[TASK ITEM]:
Every line of the listing below from the one with "Також протягом дня" up to and including the one with "Garment-dyed black denim" should be retyped exactly, and nothing else; pictures are not part of the copy.

[INPUT MATERIAL]:

##########

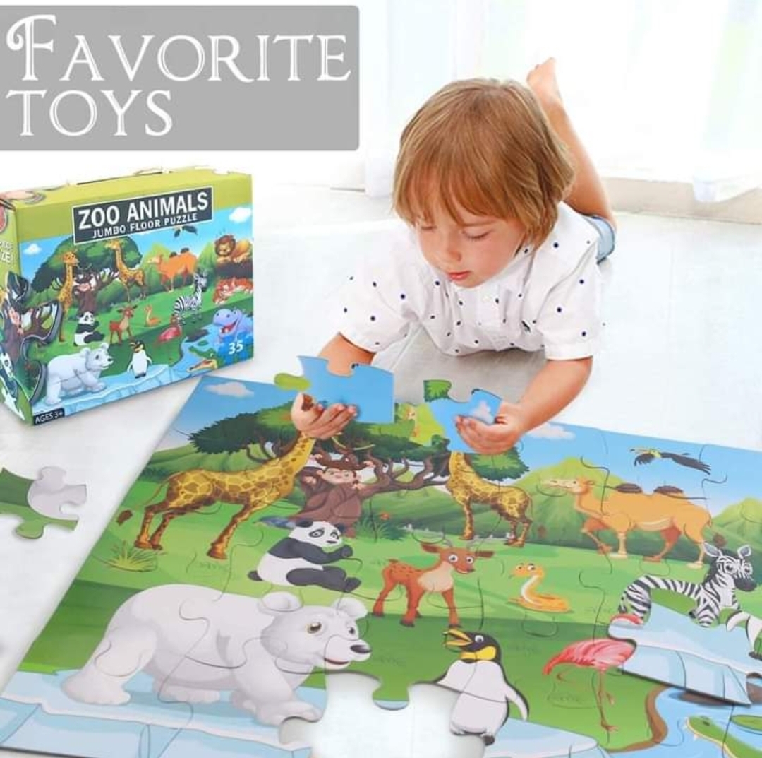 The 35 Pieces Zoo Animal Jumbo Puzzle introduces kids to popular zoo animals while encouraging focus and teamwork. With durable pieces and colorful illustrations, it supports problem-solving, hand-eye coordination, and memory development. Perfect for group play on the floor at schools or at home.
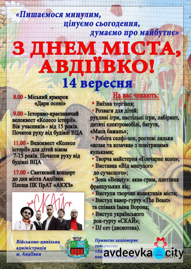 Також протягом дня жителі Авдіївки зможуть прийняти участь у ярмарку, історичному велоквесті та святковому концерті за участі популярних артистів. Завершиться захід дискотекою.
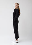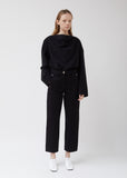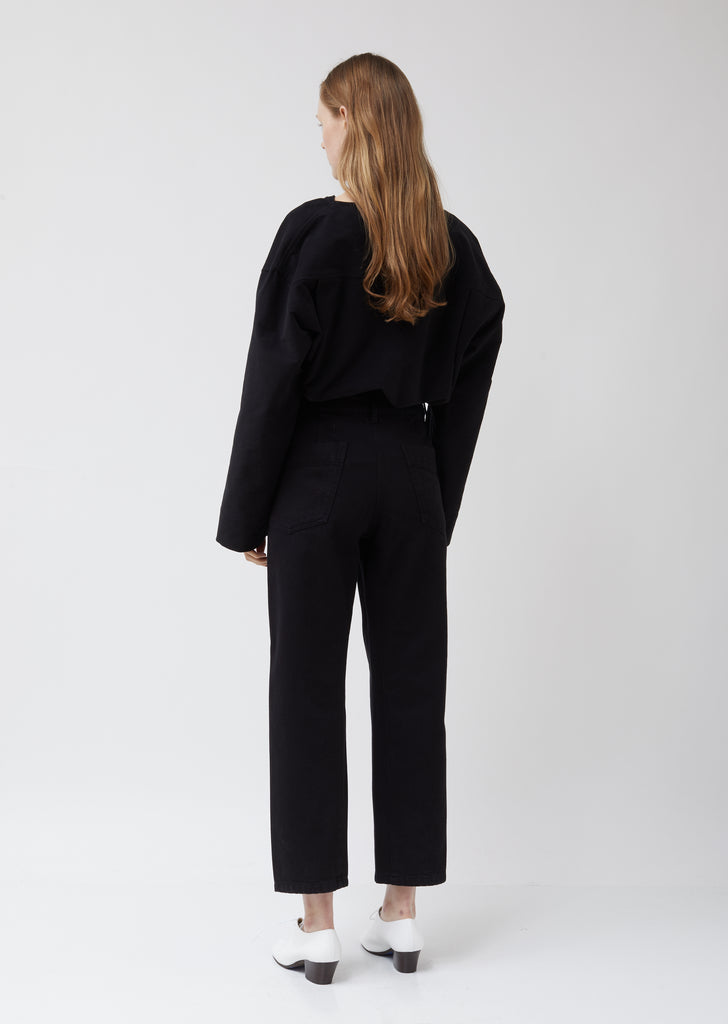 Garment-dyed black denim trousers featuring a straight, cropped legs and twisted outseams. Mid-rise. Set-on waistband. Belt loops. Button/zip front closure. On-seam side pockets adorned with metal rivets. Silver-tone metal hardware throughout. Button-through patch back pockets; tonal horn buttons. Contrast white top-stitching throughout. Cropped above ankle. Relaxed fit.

##########

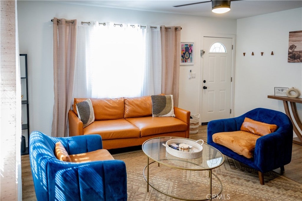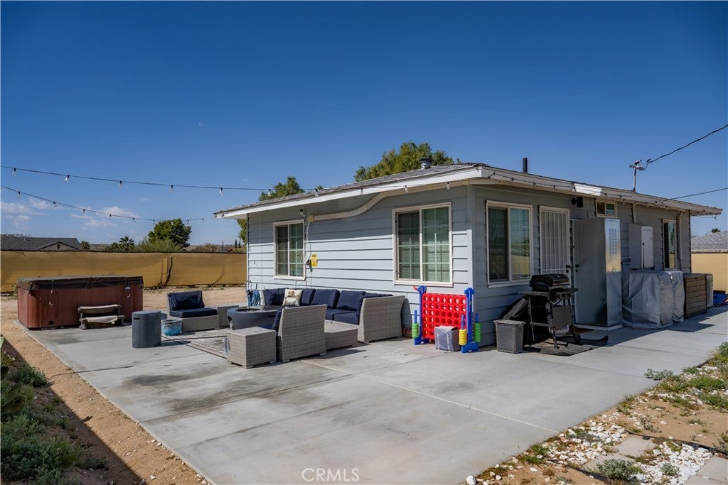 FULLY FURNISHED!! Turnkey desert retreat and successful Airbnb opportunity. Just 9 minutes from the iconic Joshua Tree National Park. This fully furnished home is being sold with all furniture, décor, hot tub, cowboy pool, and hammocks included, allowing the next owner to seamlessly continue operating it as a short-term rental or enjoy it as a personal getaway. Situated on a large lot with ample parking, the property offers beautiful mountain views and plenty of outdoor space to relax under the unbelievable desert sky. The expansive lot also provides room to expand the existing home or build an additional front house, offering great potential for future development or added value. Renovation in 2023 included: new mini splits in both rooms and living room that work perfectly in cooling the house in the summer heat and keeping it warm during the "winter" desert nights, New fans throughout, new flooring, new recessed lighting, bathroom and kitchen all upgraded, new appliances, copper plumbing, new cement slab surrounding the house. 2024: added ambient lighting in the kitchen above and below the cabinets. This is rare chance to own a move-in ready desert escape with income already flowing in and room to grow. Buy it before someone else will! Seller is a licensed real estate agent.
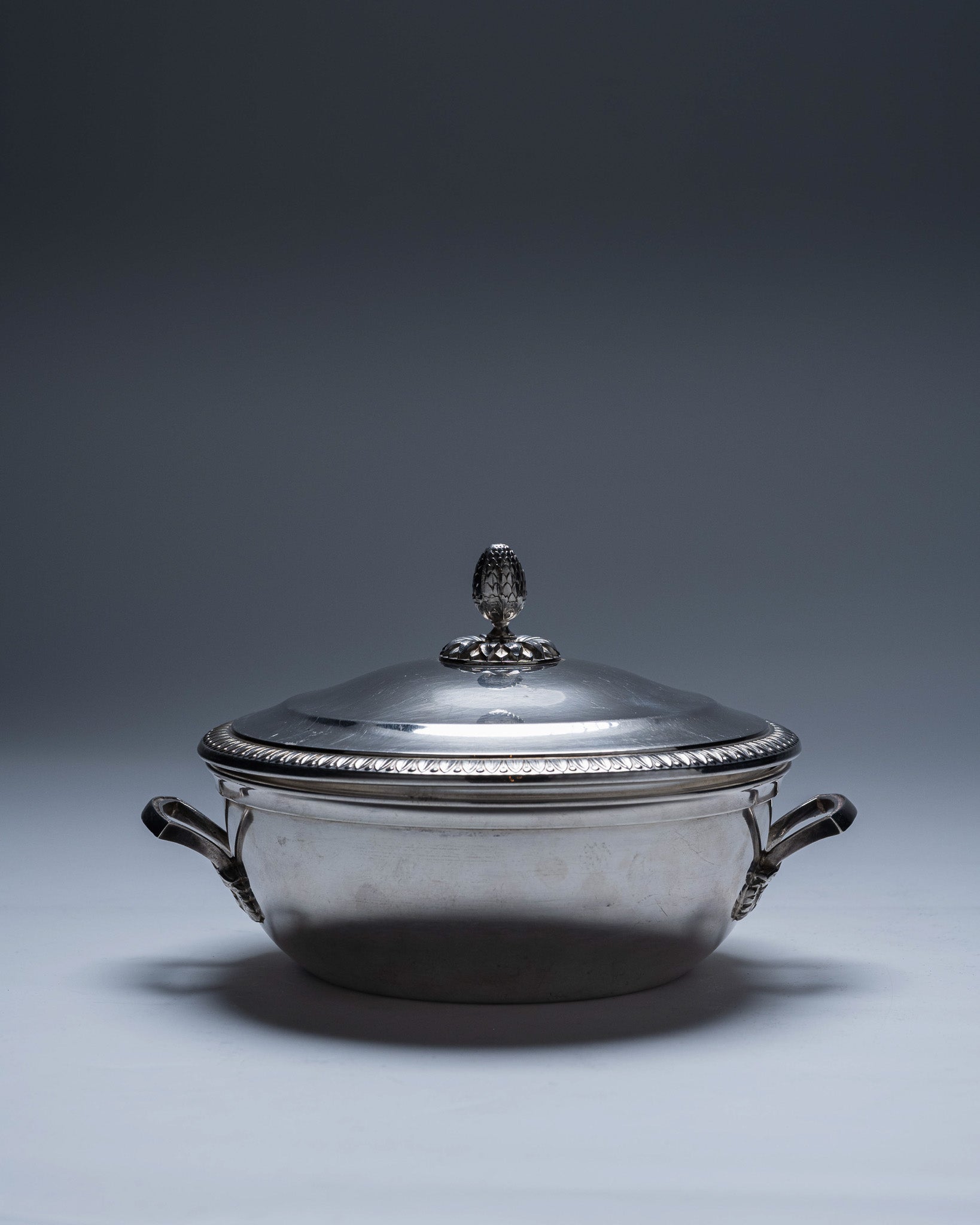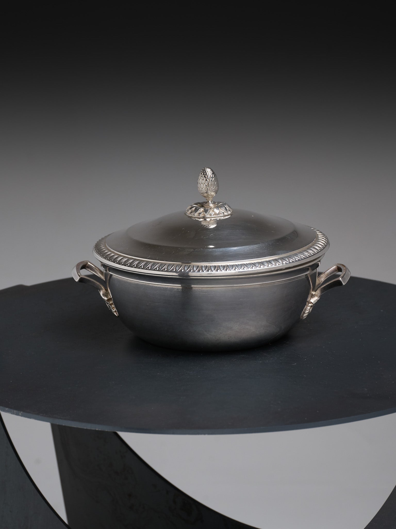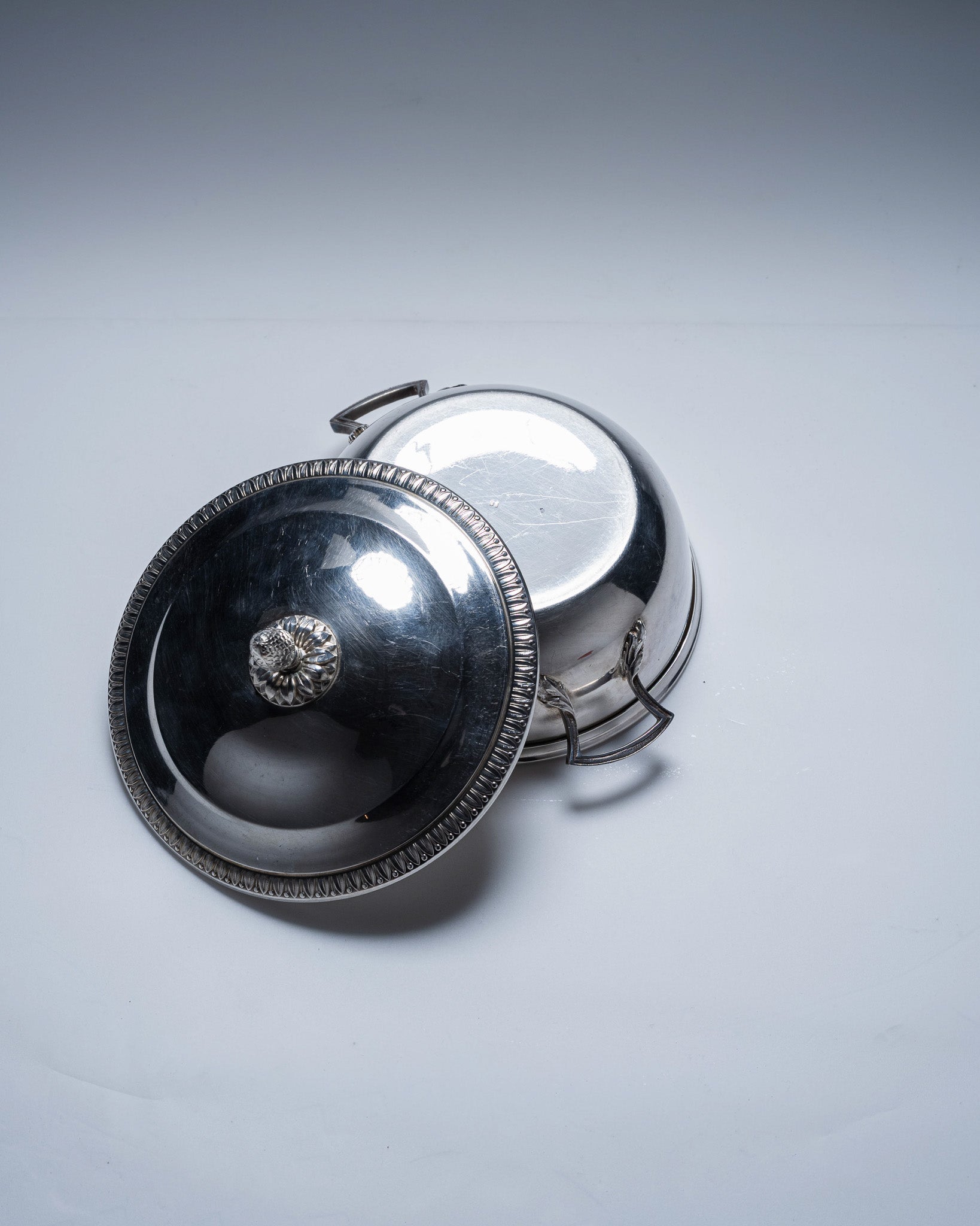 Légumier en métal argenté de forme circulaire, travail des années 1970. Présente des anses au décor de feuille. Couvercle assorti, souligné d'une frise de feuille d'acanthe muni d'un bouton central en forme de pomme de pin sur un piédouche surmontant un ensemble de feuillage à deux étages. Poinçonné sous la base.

##########

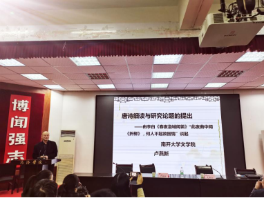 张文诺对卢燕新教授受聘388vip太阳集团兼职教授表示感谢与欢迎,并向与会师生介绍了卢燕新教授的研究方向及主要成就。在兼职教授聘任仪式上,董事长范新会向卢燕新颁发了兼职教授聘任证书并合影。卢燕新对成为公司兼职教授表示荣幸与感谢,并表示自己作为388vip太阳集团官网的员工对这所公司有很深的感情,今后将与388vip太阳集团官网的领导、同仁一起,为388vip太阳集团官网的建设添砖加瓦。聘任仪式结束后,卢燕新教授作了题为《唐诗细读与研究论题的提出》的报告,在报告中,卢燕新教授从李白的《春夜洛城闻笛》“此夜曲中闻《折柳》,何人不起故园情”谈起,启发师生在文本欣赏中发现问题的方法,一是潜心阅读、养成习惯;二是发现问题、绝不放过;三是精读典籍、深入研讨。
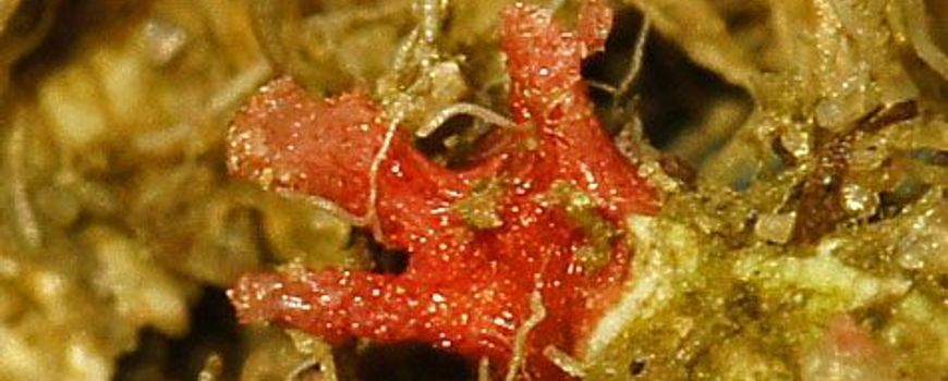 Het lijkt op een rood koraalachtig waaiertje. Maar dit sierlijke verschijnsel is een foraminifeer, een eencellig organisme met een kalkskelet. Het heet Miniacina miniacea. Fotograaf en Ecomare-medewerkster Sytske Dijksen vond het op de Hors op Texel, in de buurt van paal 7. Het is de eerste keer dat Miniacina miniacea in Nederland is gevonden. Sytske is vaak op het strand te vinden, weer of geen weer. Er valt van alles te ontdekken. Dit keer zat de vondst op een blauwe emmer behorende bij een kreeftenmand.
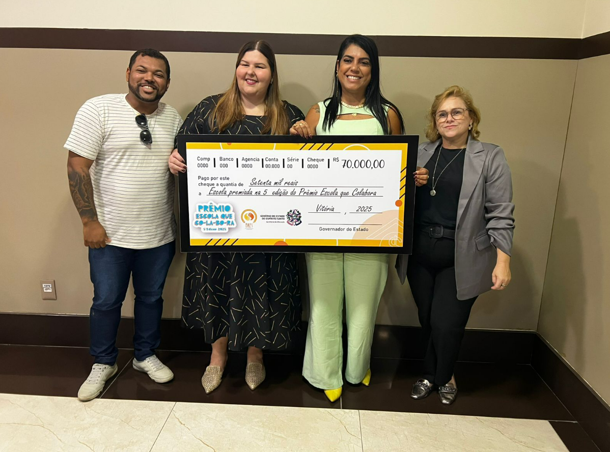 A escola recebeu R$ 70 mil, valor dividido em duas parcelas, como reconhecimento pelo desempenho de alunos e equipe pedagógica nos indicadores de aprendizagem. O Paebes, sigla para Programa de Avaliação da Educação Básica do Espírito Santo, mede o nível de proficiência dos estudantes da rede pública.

##########

[YOUR RESPONSE]:
 Також протягом дня жителі Авдіївки зможуть прийняти участь у ярмарку, історичному велоквесті та святковому концерті за участі популярних артистів. Завершиться захід дискотекою.
 Garment-dyed black denim trousers featuring a straight, cropped legs and twisted outseams. Mid-rise. Set-on waistband. Belt loops. Button/zip front closure. On-seam side pockets adorned with metal rivets. Silver-tone metal hardware throughout. Button-through patch back pockets; tonal horn buttons. Contrast white top-stitching throughout. Cropped above ankle. Relaxed fit.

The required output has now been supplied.